The country's foremost champion of Darwinist evolution, who wrote The God Delusion, stunned audience members when he made the confession during a lively debate on the origins of the universe with the Archbishop of Canterbury.

“Confession”? “Stunned”? Nobody who had read The God Delusion would have been stunned. I there introduced a 7-point scale, in which 7 was

“Strong atheist: ‘I know there is no God . . .” and 6 was “Very low probability [of existence of gods] but short of zero. De facto atheist. ‘I cannot know for certain but I think God is very improbable, and I live my life on the assumption that he is not there.’”

I went on:

“I’d be surprised to meet many people in category 7 . . . I count myself in category 6, but leaning towards 7 – I am agnostic only to the extent that I am agnostic about fairies at the bottom of the garden.”

In my discussion with the Archbishop I called myself a 6.9. A man I met at the drinks afterwards called himself a “six point nine recurring”, and I agreed with him. Also in The God Delusion I called myself a “Tooth Fairy Agnostic”, quoting a culturally Jewish friend.

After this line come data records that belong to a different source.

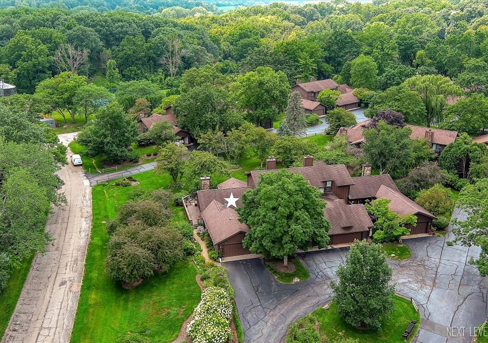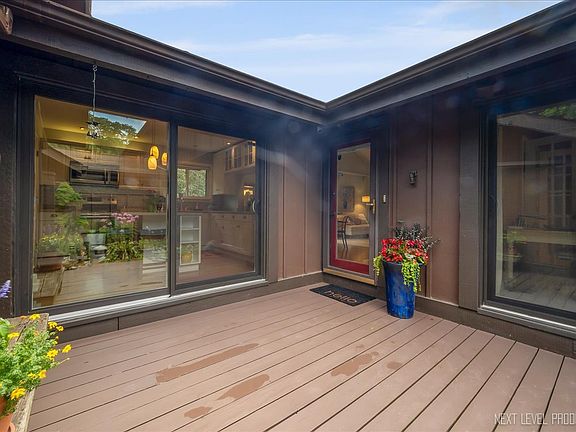 You will find no other ranch townhome to compare to this wooded retreat. The stairs have been moved, and the kitchen is now open to the vaulted, airy living space. A gas log fireplace graces the back wall. The full redesign created a sun-filled haven dominated by glass and nature views. Every room on the main level opens to the outdoors.... onto the wrap-around deck or inviting, gated, private entry courtyard. Stainless kitchen with solid surface counters, island with stools, and an eating bar area perfect for serving or breakfast coffee. MBR has a full wall of built-in closets and a private bath. The second BR is next to the full guest bath. The open staircase leads to the family room with cozy electric fireplace, and bookcases that will remain. Enjoy the extra office/craft room with an Edison fixture and barn door. The HVAC system with air-filter is new this year, still under warranty, and boasts Wireless Lennox climate control. The furnace/laundry (washer 2024) area has plenty of space and a generous storage room with sturdy shelves. Simplisafe wireless alarm system on the doors with cameras and an app. Established garden with irrigation system. Not just a townhouse, it's a lifestyle. The Windings planned community offers a St Charles address in a stunningly beautiful landscape of ravines and hills, heavily treed lots, creeks, hiking trails, and abundant wildlife. The resort-style amenities feature a newly remodeled clubhouse, pool, tennis courts (striped for pickleball), fishing pond, sledding hill, and even a skating rink in winter. It's the Americana you thought had long since disappeared. Kids still ride bikes and explore. Stars are brilliant overhead. The neighborhood hosts its own Fourth of July parade and offers a variety of planned activities for both kids and adults throughout the year. Enjoy biking, peaceful walks, or running on the Great Western Trail just steps from your door. Metra Station in Elburn brings the city closer to this fantastic neighborhood with sought-after schools, all amidst the peaceful trees!!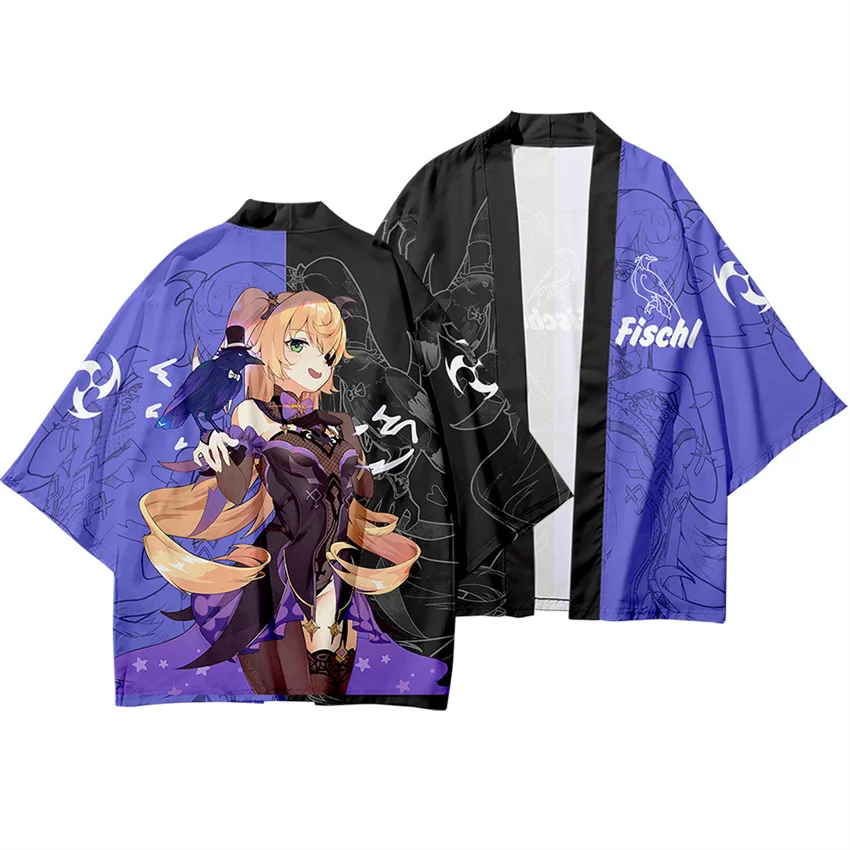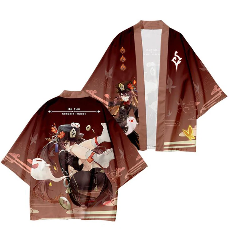 Японское кимоно Genshin Impact с 3D принтом, хаори юката, косплей, женскоеМужское модное летнее кимоно с коротким рукавом, рубашки, уличная одежда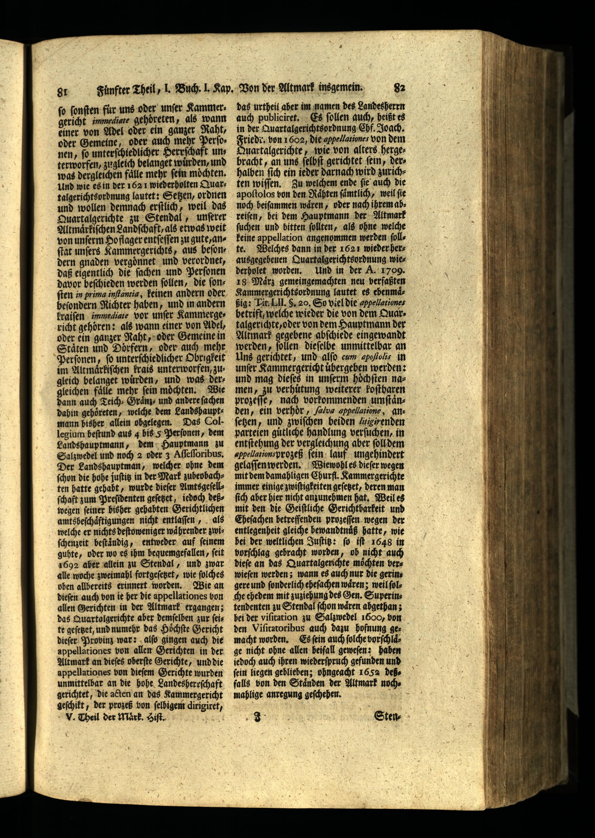 im Altmaͤrkiſchen krais unterworfen zugleich belanget würden, und was dergleichen faͤlle mehr ſein moͤchten. Wie dann auch Teich⸗Graͤn⸗ und andere ſachen dahin gehöoͤreten, welche dem Landshauptmann bisher allein obgelegen. Das Col. legium beſtund aus 4 bis 5 Perſonen, dem Landshauptmann, dem Hauptmann zu Salzwedel und noch 2 oder 3 Aſſeſſoribus. Der Landshauptman, welcher ohne dem ſchon die hohe juſtit in der Mark zubeobachten hatte gehabt, wurde dieſer Amtsgeſellſchaft zum Preſidenten geſetzet iedoch deßwegen feiner bisher gehabten Gerichtlichen amtsbeſchaͤftigungen nicht entlaſſen, als welche er nichts deſtoweniger waͤhrender zwiſchenzeit beſtaͤndig, entweder auf feinem guhte, oder wo es ihm bequemgefallen, ſeit 1692 aber allein zu Stendal, und zwar alle woche zweimahl fortgeſetzet, wie ſolches oben allbereits erinnert worden. Wie an dieſen auch von ie her die appellationes von allen Gerichten in der Altmark ergangen; das Quartalgerichte aber demſelben zur ſeite geſetzet, und numehr das Hoͤchſte Gericht dieſer Provinz war: alſo gingen auch die appellationes von allen Gerichten in der Altmark an dieſes oberſte Gerichte, und die appellationes von dieſem Gerichte wurden unmittelbar an die hohe Landesherrſchaft gerichtet, die acten an das Kammergericht geſchikt, der prozeß von ſelbigem dirigiret,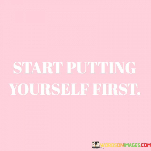 Begin prioritizing yourself. It means taking care of your needs and well-being before others. Sometimes, we focus so much on helping others that we forget about ourselves. This quote reminds us that it's okay to think about our own happiness and needs.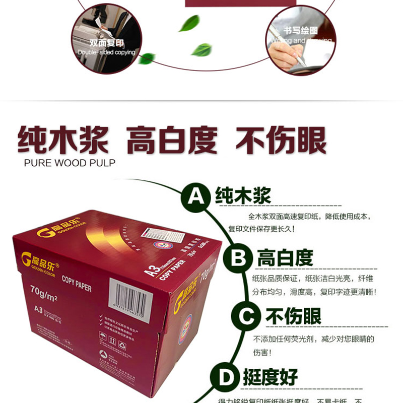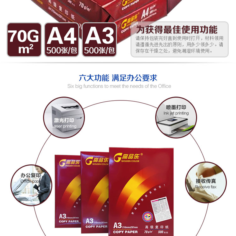 高品樂(GOLDEN COLOR) A3 70G 復(fù)印紙 500張/包(銷售單位:箱) (5包/箱)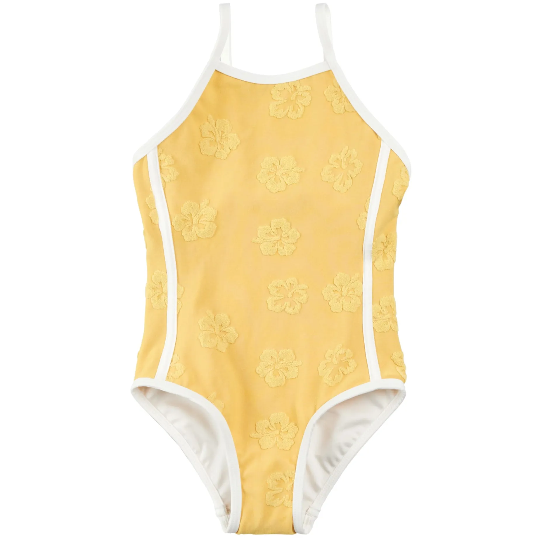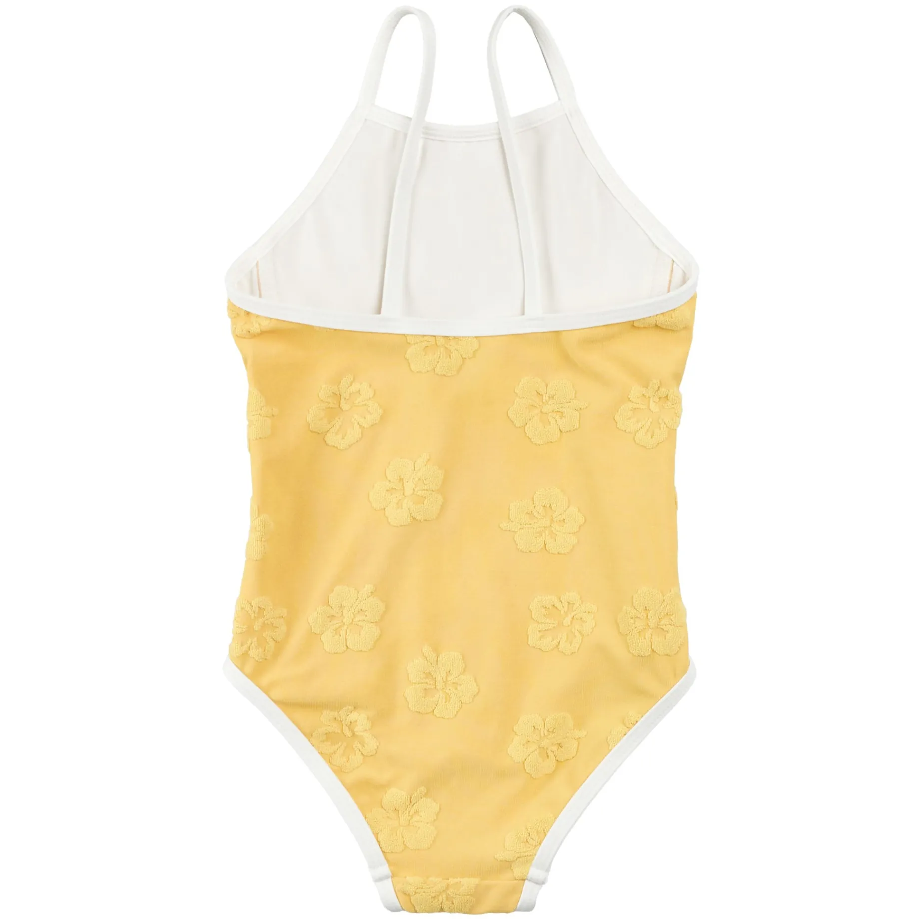 With its white hems and thin straps, this summer swimsuit has a sporty style and is made from a textured terrycloth material. Perfect for going to the beach or the pool, this soft yellow swimsuit with a subtle floral print will be a real ray of sunshine. Featuring built-in UPF 50+ sun protection, this swimsuit is both comfortable and protective.

I am actually drawn to the Steve Zara / PZ Myers point that it is hard to think of any evidence that would in principle be capable of convincing me of a god’s existence (a trick, or a hallucination, or insanity, or even a visitation by an evolved super-human from outer space would always be more probable). But I didn’t feel like raising this in the Sheldonian, where it would have been so far off the radar of either of my two colleagues as to lead to no fruitful exchange. There was also the risk of a blast of epistemic incomprehensibility from the philosophical referee. And that would have been no way to finish off a civilised evening.

To be fair to the infamous Daily Telegraph, they make partial amends by publishing another article, this time by Tom Chivers, under the headline, "Richard Dawkins is an agnostic? Well, obviously." In it he says:

Richard Dawkins, the world's most famous atheist (© all newspapers) is, it turns out, an agnostic! What a climbdown! Not so cocky now, eh, professor? In a debate with the magnificently eyebrowed Archbishop of Canterbury, the great evolutionary biologist said that he can't be certain that God doesn't exist, and that he would call himself an agnostic.

Except that Dawkins said exactly that – even down to the "6.9 out of seven" description of his level of surety that there is no God – ages ago.

It’s hard to resist a feeling of “You can’t win”. On the one hand we ‘horsemen’ and ‘new atheists’ are attacked, often aggressively and stridently, for being aggressive and strident. On the other hand, when journalists or religious apologists actually meet us and we turn out to be courteous and civilised, they accuse us of climbing down, “admitting” or “confessing” that we have changed, when actually we are behaving exactly as we always have. They seem to feel let down when they discover that the real people aren't anything like the way they so relentlessly portray us; as if, since they've gone to the trouble of inventing extravagant caricatures of us, we should at least have the decency to live up to them in real life.

It would be nice to think the journalists might have learned something from this experience. I suppose it’s probably asking too much that some of them might get around to actually reading The God Delusion at long last, rather than simply continuing to denounce their own invented version of it.